Степняк пожал плечами:

— А мы тут при чем?

— Тут — ни при чем. Но Рыбаш и Григорьян с самого начала заявили, что в ноль тридцать начали оперировать, а в час она умерла. Между тем в журнале приемного отделения сказано: «Доставлена в ноль сорок пять…»

— С ума сойти! — Степняк отшвырнул пустую коробку «Казбека» и полез в стол за новой. — Кто же, по-вашему, врет?

Лознякова вертела в руках карандаш.

— Вот это как раз интересует милицию. Они не объясняют почему, но для следствия важно установить точное время, когда раненую принесли к нам.

— Ну и пусть устанавливают!

— А вы считаете, что нас это не касается?

Чиркая и ломая спички, Степняк раздраженно сказал:

— В конце концов, каждый занимается своим делом.

Не отвечая, Лознякова взяла ту коробку из-под «Казбека», которую отшвырнул Илья Васильевич, и с бессмысленной старательностью принялась заштриховывать буквы названия. Оба молчали.

— Постойте! — спохватился Степняк. — Это ведь действительно и для нас очень важно. Если ее принесли в ноль сорок пять, а в час она умерла, то приступать к операции было поздно, и Рыбаш не мог этого не знать…

— Я верю Рыбашу! — быстро сказала Юлия Даниловна.

— Почему? — Степняк завороженно следил за ее карандашом. — Кому выгодно, чтоб операция началась раньше? Одному Рыбашу, потому что только это и оправдывало операцию… А для чего регистратору врать в журнале? Совершенно незачем.

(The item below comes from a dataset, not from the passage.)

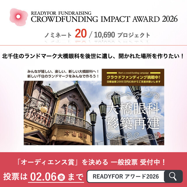 大橋眼科移築再建プロジェクト実行委員会(代表:阿部 朋孝)が実施したクラウドファンディング「北千住のランドマーク大橋眼科を後世に遺し、開かれた場所を作りたい!」が、クラウドファンディングサービスREADYFORが主催する「READYFORファンドレイジング クラウドファンディングインパクトアワード2026」にノミネートされました。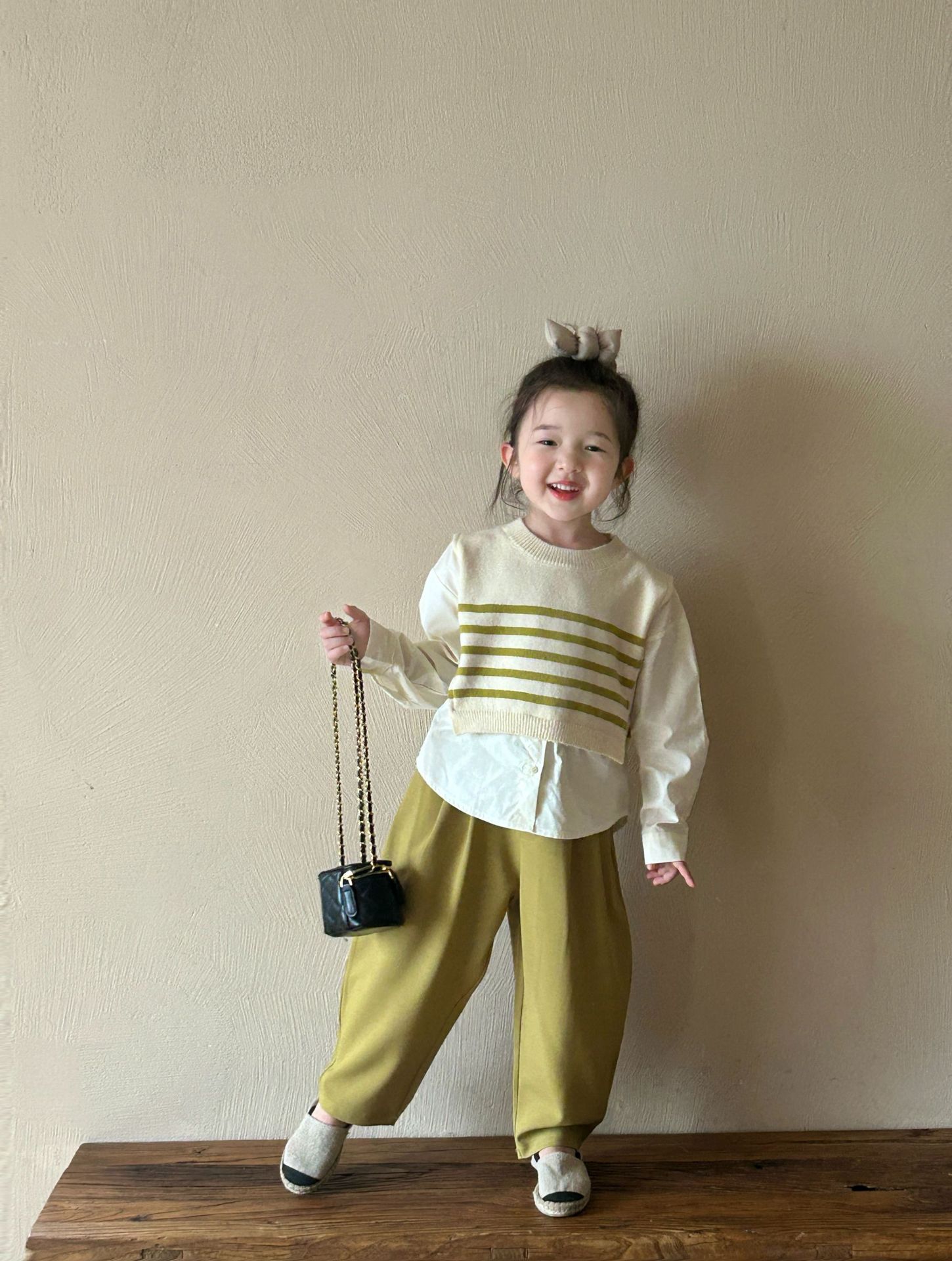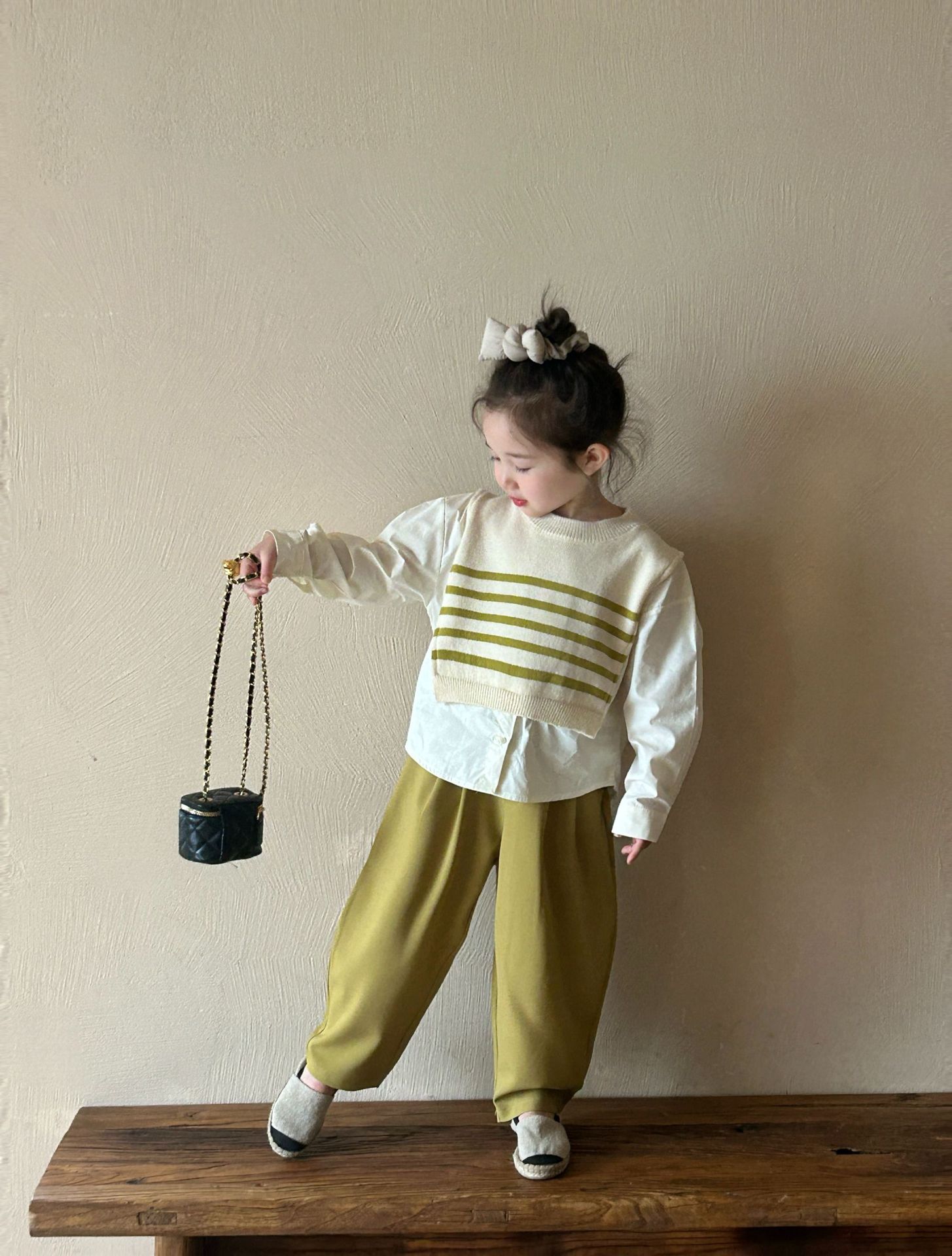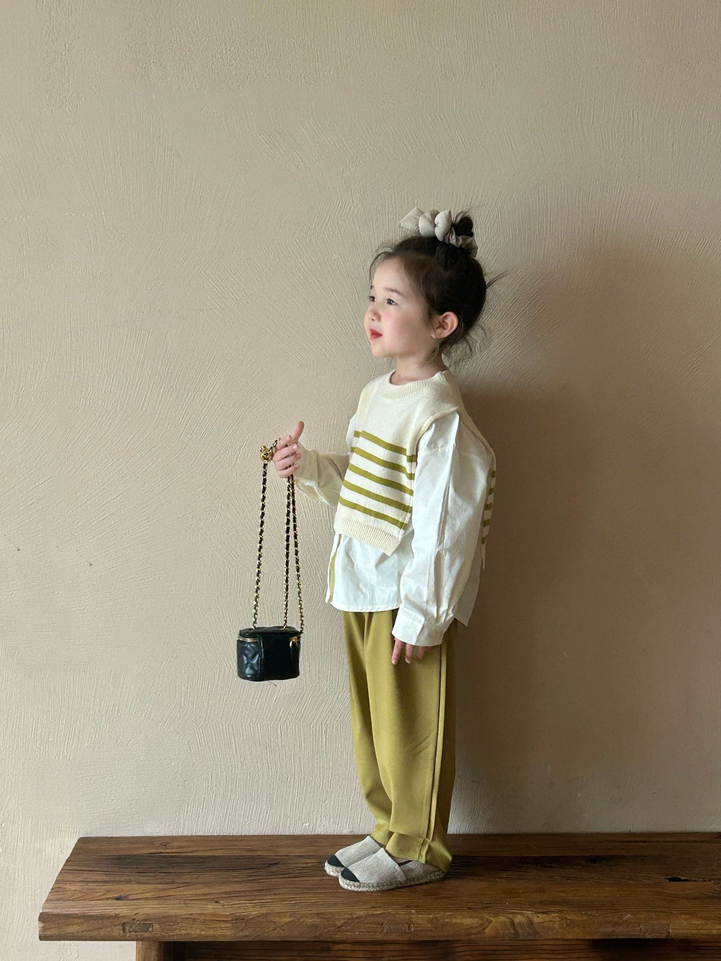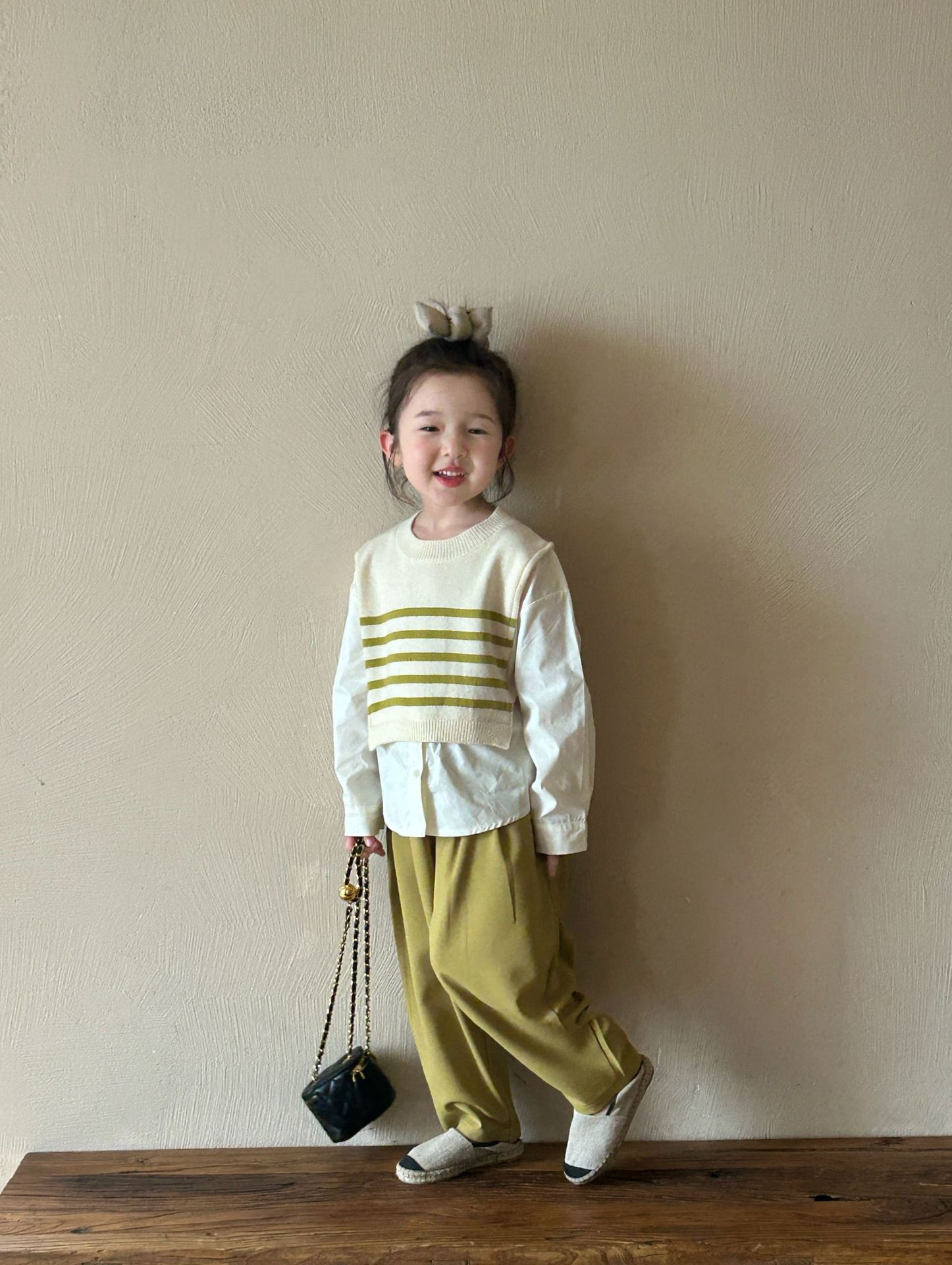 2025 봄 새 아동복 한국 아동복 소녀 줄무늬 가짜 투피스 셔츠 녹색 세트 바지 세트스토어 가기

— А почему регистратор отказалась записать фамилии рабочих, которые доставили раненую?

Буквы на коробке «Казбек» уже покрылись штриховкой и вдоль и поперек. Лознякова подняла глаза на Степняка.

— Она не отказывалась, — сказал Степняк. — Она не догадалась. Это разница.

— А вот рабочие утверждают, что отказалась.

— Разве их нашли?!

Юлия Даниловна опять опустила глаза и, повернув коробку, начала обводить на оборотной стороне кружок с фабричной маркой «Ява».

— Их и искать не пришлось — сами на следующий день явились в милицию. И объяснили, что регистратор в больнице отказалась записать их адреса и фамилии. А вот точного времени, когда принесли раненую, не помнят. Знают, что после двенадцати, — и все…

— Так что же вы думаете? — Степняк сжевал почти весь мундштук своей папиросы и с отвращением раздавил окурок в пепельнице.

— Думаю, что надо верить Рыбашу и наводить порядок в больнице.



Степняк встал:

— Юлия Даниловна, мы можем верить или не верить Рыбашу, а в райздраве и вообще в любом учреждении поверят журналу.

Рисунок вокруг фабричной марки «Ява» стал резче. Маленькая рука Лозняковой напряглась.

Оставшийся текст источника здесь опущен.